Нарышкин поднялся и развернулся во всю свою медвежью стать.

— Ну что, прибить мне тебя? Или как? Прихлопну, пожалуй, как муху. И никаких тебе пополамов! Что на сей счет думаешь?

В атмосфере возникла предгрозовая пауза. Стало слышно, как в соседней комнате заскрипела пружинами дивана крестница покойного управляющего.

— Не убьете, — втянув голову в плечи, тихо, но, однако, твердо сказал Степан.

— Это еще почему? — заинтересовался Нарышкин, слегка покачиваясь на носках.

— Потому, — опасливо отодвигаясь, объяснил Степан. — Потому как Вы, сударь Сергей Валерианович, благородный. Стало быть, прибить меня не можете. Я про Вас вызнал кой-чего. Сказывали, барин добрый, жалостный, не обидит… третью долю, пожалуй, от своей барской милости даст!

Сергей от души рассмеялся.

— Ну и каналья же ты, Степан. Упрямый, как хохол! Ладно, покажи карту. Да не бойся, не отниму!

Степан молча достал из-за пазухи и протянул Нарышкину еще один пожелтевший вдвое сложенный листок. Сергей несколько брезгливо взял его в руки и, саркастически усмехаясь, стал изучать содержание этого любопытного артефакта.

— М да… Вообще-то я несколько иначе представлял себе карты кладоискателей. Это кто-то нарисовал или просто клопы наползали?

— Должно, покойник Петр Кузьмич срисовал все сам. И запись кладовую, должно, он переписал набело… А что? Не так что-то?

— Нет, все так! Набело… — Нарышкин вспомнил полутемные классы Академии художеств, куда он год проходил вольнослушателем, бесчисленные отмывки архитектурных планов, ордеров, колонн, капителей…

— Недурно исполнено… для покойника, — похвалил он рисунок. — Как будто есть черты некоторого сходства с моей усадьбой. Так… каретный сарай… ракитки… флигелек…дуб… а это еще что за фигура такая с загогулиной?.. Непонятно. М-да! Как ни верти, а разбираться в этих каракулях видно придется на месте… Стало быть, надо брать этот, так сказать, план и отправляться в имение… тем более, мне все равно нужно туда съездить, дела разгрести да и управляющего нового подыскать.

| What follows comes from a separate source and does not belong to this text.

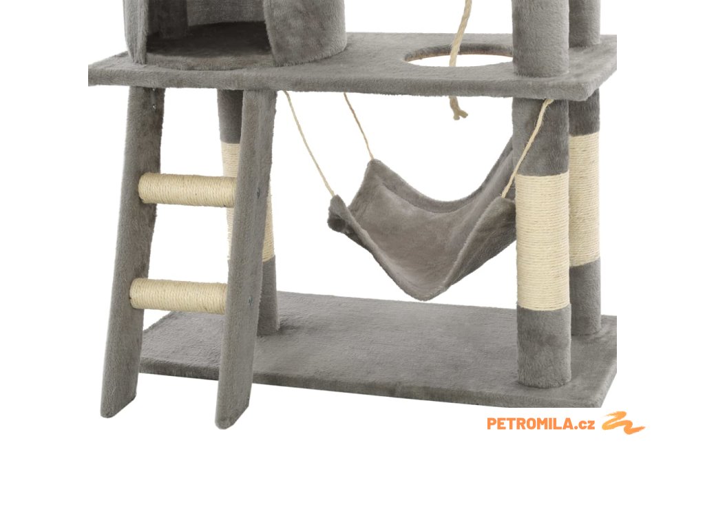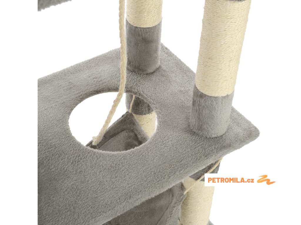 Škrabací sloupky s plyšovým potahem jsou omotány sisalovým provazem, což je pro vaše kočkovité kamarády velice pohodlné a praktické pro ostření jejich drápků. Vaše kočky si na této hračce užijí spoustu zábavy, až se budou navzájem honit a skákat nahoru a dolů. Náš kočičí strom disponuje také útulným domečkem, kde si vaše kočka může odpočinout nebo se prospat. Je navíc vybaven houpací sítí, žebříkem, lanem na šplhání, plošinami k pozorování a místy k odpočinku, takže se váš malý kamarád nebude nikdy nudit. Základna tohoto škrabadla pro kočky je pevná a stabilní.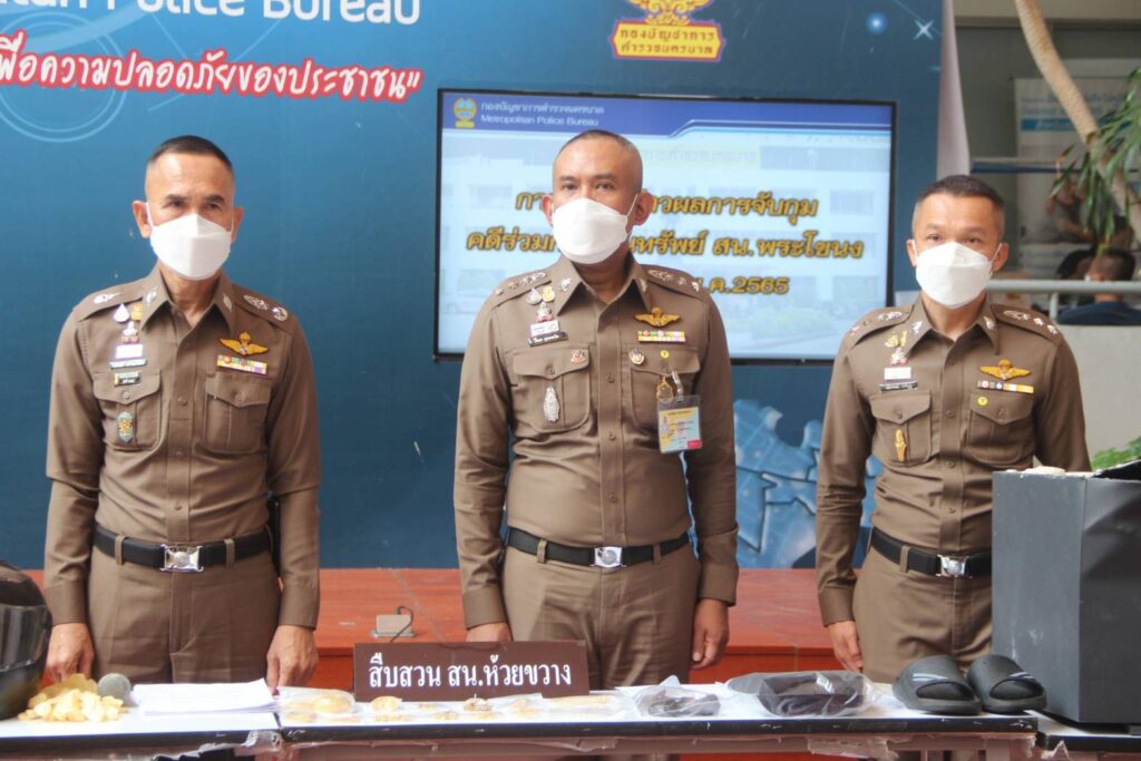 ผกก.สน.พระโขนง,กก.สส.บก.น.1,กก.สส.บก.น.5 พร้อมฝ่ายสืบสวน สน.ห้วยขวาง และสน.พระโขนง ร่วมแถลงข่าวผลการจับกุมผู้ต้องหางัดตู้เซฟนายธนาคาร รวมมูลค่ากว่า 10 ล้านบาท ในเขตพื้นที่ สน.ห้วยขวาง และจับกุมผู้ต้องหาคดีร่วมกันปล้นทรัพย์ ในเขตพื้นที่ สน.พระโขนง

— А мы как же, Сергей Валерианович? — Степан заискивающе заглянул в глаза Сергею. — Как же мы с Вами порешим?



— Шут с тобой! Со мной поедешь.

— А дочка? Я Катю не брошу…

— Возьмем и дочку. Только раз уж дорожные расходы, судя по всему, мне придется брать на себя, получишь пятую часть! Это двадцать процентов! И не гроша больше, а то и впрямь прибью.

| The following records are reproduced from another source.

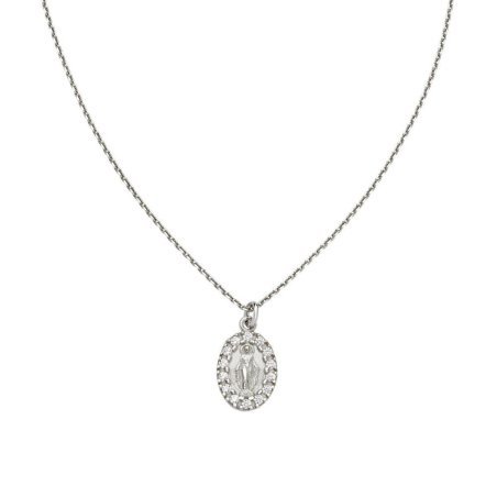 Collana in argento 925 con medaglietta Madonna Miracolosa e zirconi bianchi.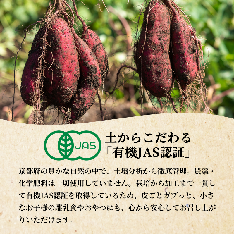 京都府の豊かな自然の中で、土壌分析から徹底管理。栽培期間中、農薬・化学肥料は一切使用していません。栽培から加工まで一貫して有機JAS認証を取得しているため、皮ごとガブっと、小さなお子様の離乳食やおやつにも心から安心してお召し上がりいただけます。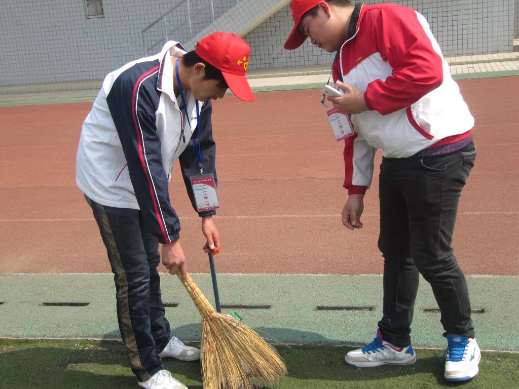 在“清扫校园活动”前期,我系学生会就通过进班宣传和宣传展板的形式向全系同学们介绍本次活动,不少志愿者都愿意参加此次活动。活动当天,报名的同学便早早在校标等候院团委安排。组织人员强调具体要求和说明我系主要负责操场区域后,大家便拿起打扫工具在我系划分区域打扫起来。打扫期间因操场草坪不易用扫帚打扫,大家便用手拾起垃圾。通过大家的共同努力,约30分钟便将操场打扫干净,顺利完成任务。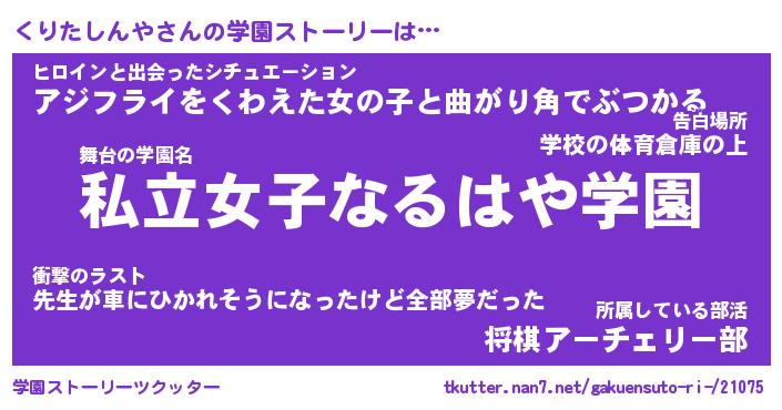 | 女子向けラノベタイトル風あだ名 | 『誰かこのくりたしんやを説明してください! ~契約から始まるウェディング~』 |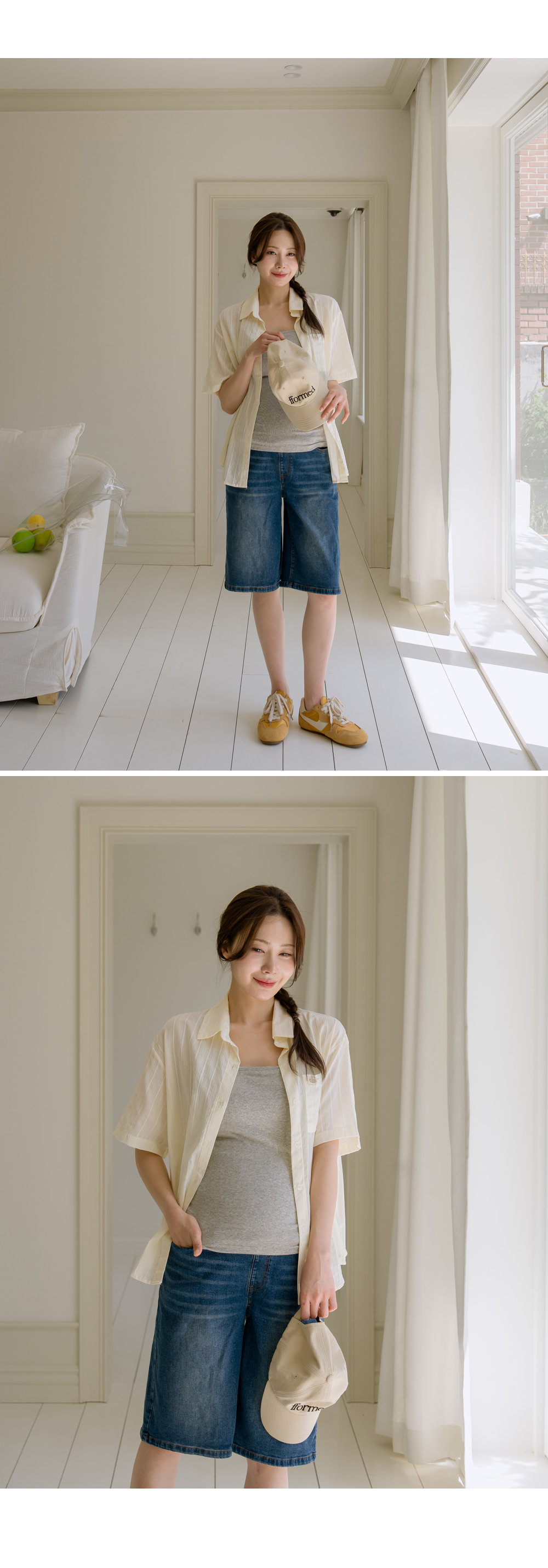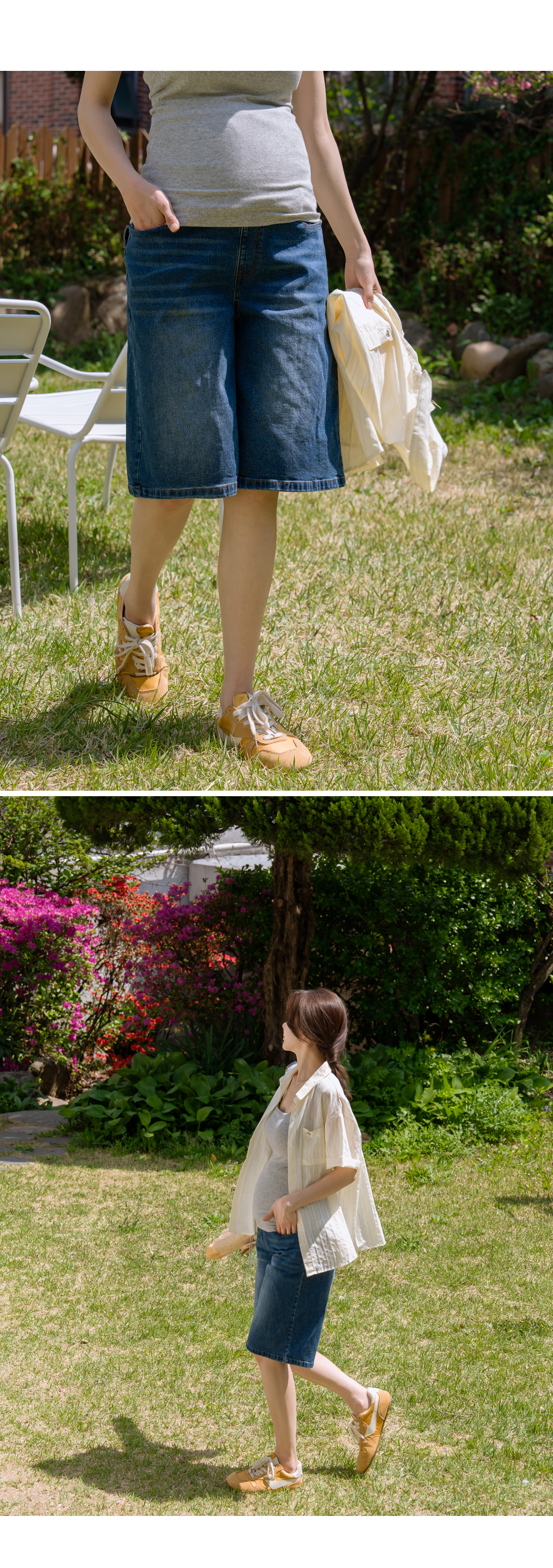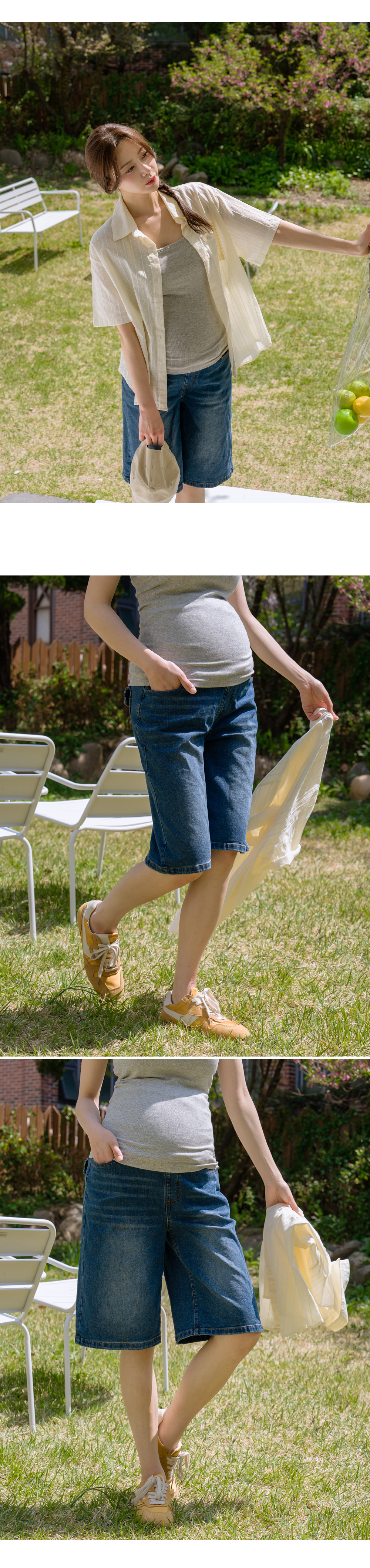 [๐ทBermuda Shorts/Jean Shorts] [S-made] Maternity* Reverse Pocket Washed Knee-length Maternity Jeans

— А это как…ежели по чести… Ваше последнее слово?

— Да ты, Степан, в своем-то уме? Ты что же в моей чести сомневаться вздумал?

— Никак нет, это я так… Ведь, честно признаться, я, сударь, едва ли на десятую часть рассчитывал! — рябая физиономия Степана озарилась плутоватой улыбкой.

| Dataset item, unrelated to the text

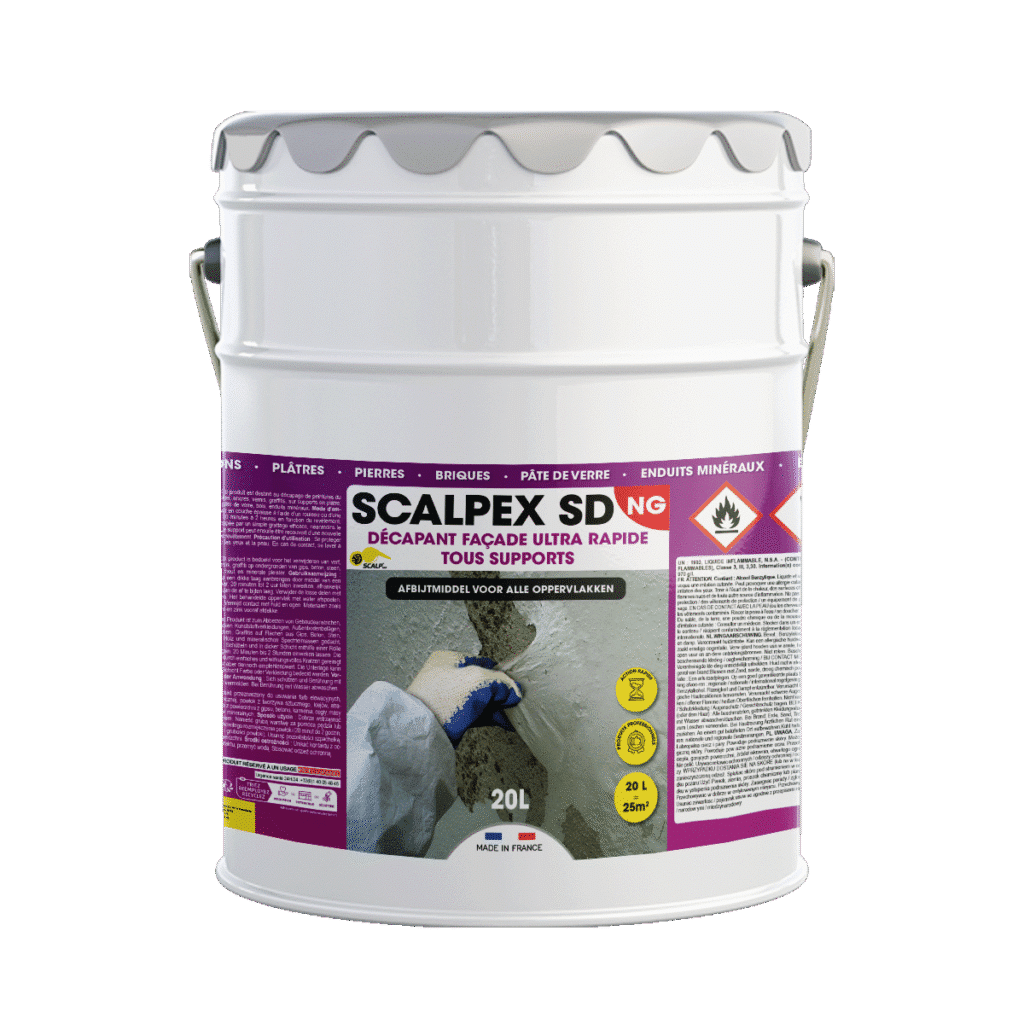 Découvrez SCALPEX SD NG, notre super décapant façade ultra rapide. SCALPEX SD NG vous donne la possibilité de réaliser un décapage efficace et rapide des Imper, des RPE, des films minces, des colles, des encres et des vernis sur un grand nombre de supports tels que le plâtre, le béton, la pierre, la brique, la pâte de verre, le bois et les enduits minéraux.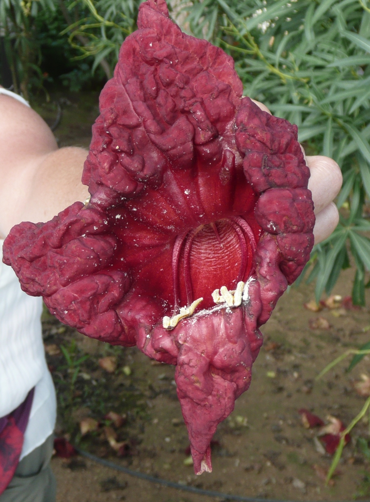 ich hätte da einen Baum zu bestimmen. Ich hab ihn auf Malta gesehen. Leider hatte der Baum zu dem Zeitpunkt keine offenen Blüten. So daß ich nur eine abgefallene Blüte Fotografieren konnte.

— Ах ты бестия, каналья, мошенник! Обул меня, как Филю в лапти!.. Ладно. Добр я сегодня без меры. Сколько сказал, столько и получишь. Хотя, к слову сказать, сильно сомневаюсь я во всей этой тайнописи, — Нарышкин с пренебрежением помахал картой покойного управляющего.

— Ну что, по рукам? Уговор дороже денег!

— По рукам, Сергей Валерианович! — обрадовано воскликнул Степан и с готовностью подставил Нарышкину грубую, плохо вымытую ладонь.

Глава четвертая

НЕ ДО ЖИРУ, БЫТЬ БЫ ЖИВУ

«А горе тут как тут!.. Гнилая дверь скрипит

И отворяется. Спокойствия рачитель

Вступает с важностью в мундирном сюртуке.

„Потише, — говорит, — вы здесь не в кабаке…“»

Чуть свет явились, подпирая друг дружку плечами, пухлые, прыщавые, стриженые «капульчиком» несовершеннолетние отпрыски вдовы Завынкиной — близнецы Феофил и Ослябя. Потея и краснея, слегка срывающимся фальцетом, в котором, однако, уже слышались нотки будущего гонора, они поведали непреклонную волю купчихи: Аглая Тихоновна велела жильцу съезжать сегодня же, иначе она посылает за полицией.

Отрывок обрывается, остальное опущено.